Mars is of great interest to scientists, partly due to its similarity to the early Earth and that it holds a promising record of conditions required for abiogenesis. However, evidence of biosignatures of current life are yet to be found. Due to the high levels of radiation on the Martian surface and the fact that it is completely frozen mean that life is unlikely to survive overland. The Curiosity Rover recently described the radiation levels as “so high that any biological organisms would not survive without protection.” 5 Consequently, more likely locations for discovering life may be sub-surface environments. Water on Mars exists almost entirely in the form of ice, mainly located in polar ice caps. Despite a lack of pure liquid water on the surface, spectrometer readings have given conclusive evidence of hydrated brine flows on recurring slope lineae, seasonal flows of salty water, during the warmest months. These lineae are a habitat that could be suited to halophile psychrophiles: extremophile microorganisms that thrive in high salt concentrations and cold conditions.6 Mars’s present day conditions differ with its warmer and perhaps wetter past. During the Noachian time period on Mars, high rates of meteorite and asteroid impacts as well as volcanism could have resulted in warmer conditions favouring the presence of abundant surface water as a result of rainfall.7 On December 9th, 2013, NASA reported that, based on evidence from Curiosity studying the Aeolis quadrangle, Gale Crater contained an ancient freshwater lake, confirming that liquid water once flowed on Mars.8 Future Martian studies will search for evidence of ancient life and environments that may have been habitable. Astrobiologists are currently analysing habitats on Earth that are similar to those on Mars. For example, the Antarctic Dry Valleys, with their low humidity and lack of snow and ice, are considered to be the closest of any terrestrial environment to Mars.
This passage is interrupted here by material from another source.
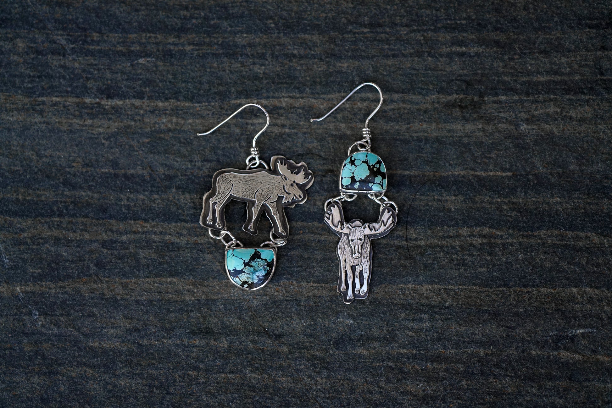 These asymmetrical moose earrings are handmade from sterling silver and feature Wild Horse Turquoise stones & brass details. Each moose starts out as simple sterling silver wire & sheet from which I saw out and assemble multiple layers. Then I add little details through stamping, engraving, sawing, drilling and patina to bring each one to life.

In April 2012, scientists reported that extremophile lichen survived and showed impressive photosynthetic adaptability under Martian conditions in the Mars Simulation Laboratory in Germany.9 However, for life to thrive on present-day Mars, it must be able to reproduce and evolve and not just survive.

Mars: Curiosity Rover

Fig. 3: NASA’s Curiosity Rover: Mount Sharp

NASA: Public Domain


Unlike Mars, the present conditions on Jupiter’s moon Europa favour the existence of life. The moon’s crust is primarily composed of ice and the smoothness of the surface has led to the hypothesis that a water ocean exists beneath, a possible site for life. It is believed that this ocean is heated by tides generated by the gravitational impact of Jupiter, causing the ocean to remain liquid as well as driving geological activity on the planet, including plate tectonics. The hypothesis gained support in May 2015, when NASA reported that sea salt from a sub-surface ocean may be coating some of the moon’s unique geological features, including the abundant dark linear fractures on Europa’s surface, implying that the ocean is interacting with the rocky sea floor.10 For life to exist within the moon’s ocean, it could be supported by hydrothermal vents at the ocean floor, fissures in the planet from which geothermally heated water issues. On Earth, hydrothermal vent organisms, in the absence of sunlight energy, feed off the nutrients provided by chemosynthetic bacteria. These bacteria use hydrogen sulfide as an alternative source of energy to sunlight to produce organic material from mineral-rich hydrothermal water. For example, giant tube worms use bacteria in their trophosome to convert carbon dioxide into carbohydrates, a source of food for the worms.11 Alternatively, life could exist clinging to the underside of the moon’s icy crust, similar to ice algae in the Earth’s polar regions.12 If any water discovered was indeed salty, it would favour the existence of halophilic bacteria. Future missions to Europa include a 2022 launch to Jupiter’s Galilean moons: Ganymede, Callisto and Europa. All moons are believed to have possible sub-surface oceans, and the spacecraft will be designed to characterise the moons and evaluate their potential habitability.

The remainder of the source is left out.